All eyes and ears will be on Canberra this 8 May 2018 as the government hands down its annual Federal Budget.
Some of the tax measures expected to be included in the budget include personal income tax cuts and R&D concession changes. The government currently faces opposition to its corporate tax cuts for medium and large businesses, which were announced two Budgets ago. The tax measures in the upcoming Budget may make the controversial measure palatable to those opposed who are calling for “wider tax reform”. As it is possibly the government’s last budget before an election, voters may come out as the winners.
Individual tax cuts are expected to be introduced, particularly for low and middle income earners. These cuts, like the company tax cuts, are expected be phased over a 10-year period, seeking to tackle the problem of bracket creep.

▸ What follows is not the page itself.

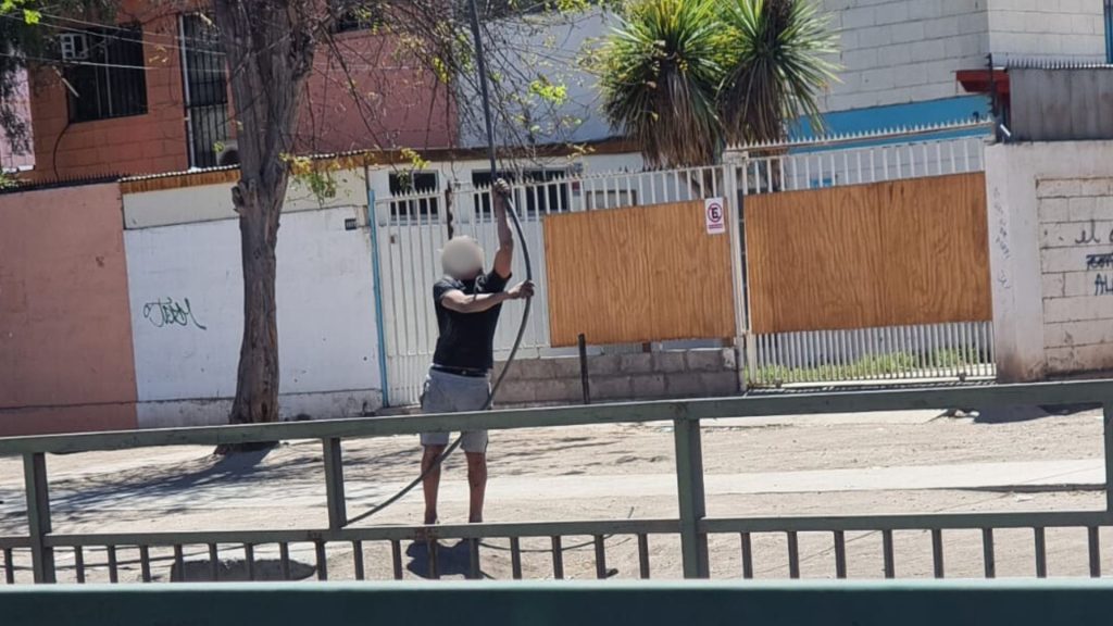 Según el testimonio entregado por el auditor, el individuo —un adulto— habría estado utilizando un cuchillo para cortar cables que, aparentemente, pertenecen a algún servicio básico. La imagen capturada muestra al sujeto en plena faena, en un sector donde el flujo vehicular y peatonal es constante.

Having indicated that the proposed Medicare levy 0.5% increase (slated to commence from the 2019/20 income year) will not proceed, it is unlikely that more changes would follow, other than the annual release of low-income thresholds.
The government is unlikely to touch negative gearing or the CGT discount as it continues to oppose Labor policies to reign in negative gearing for new properties and halve the discount to 25%. Most of the government’s housing affordability package from the 2017 Budget has been enacted, including the First Home Super Saver scheme, while remaining measures are in legislation before parliament. Whether there will be new measures or expansions of these measures will be a space to watch. Housing affordability is still a significant issue for voters.
Despite being a hot-button audit focus area for the ATO, a parliamentary committee report had recommended no changes be made to the current rules permitting individuals to claim tax deductions for work-related expenses. A replacement standard deduction for employees is unlikely to be proposed.
Small business entities
Often described as the “engine room” of the economy, small businesses enjoy a range of incentives, including a lower corporate tax rate. More businesses now come within the definition of “small business”. Requests for the instant asset write off for assets costing less than $20,000 to be made a permanent feature may be heeded (the temporary increase to $20,000 is due to expire on 30 June 2018 and will return to $1,000 unless a further change is proposed). Although small business owners and their tax advisers have to be mindful of different turnover thresholds ($10m for most incentives, $5m for the small business tax offset and $2m to access the CGT concessions), it is unlikely that the thresholds will be revised to a single standard threshold.
R&D tax incentive
Strong words such as “relaunch” and “overhaul” used by the Treasurer indicate significant changes to the existing R&D incentive following recommendations in the Finkel review. Experts are anticipating changes to eligibility for software development activities and tightening of claims for the concession for what is “ordinary business expenditure”. The changes to this concession are further discussed in an article by Gilbert + Tobin: “2018 R&D tax incentive changes: the overhaul, the tweaks, and the elephant” published in Issue 16 of CCH Tax Week.
Company tax cuts
It remains to be seen whether the government will continue to press for company tax cuts for the third budget in a row.
The Budget is the government’s opportunity to continue framing its tax policy and may yet surprise voters with some goodies. It will certainly be setting itself up for a tax battle against Labor who have proposed rather controversial measures of their own, including abolishing dividend franking credit refunds for most taxpayers.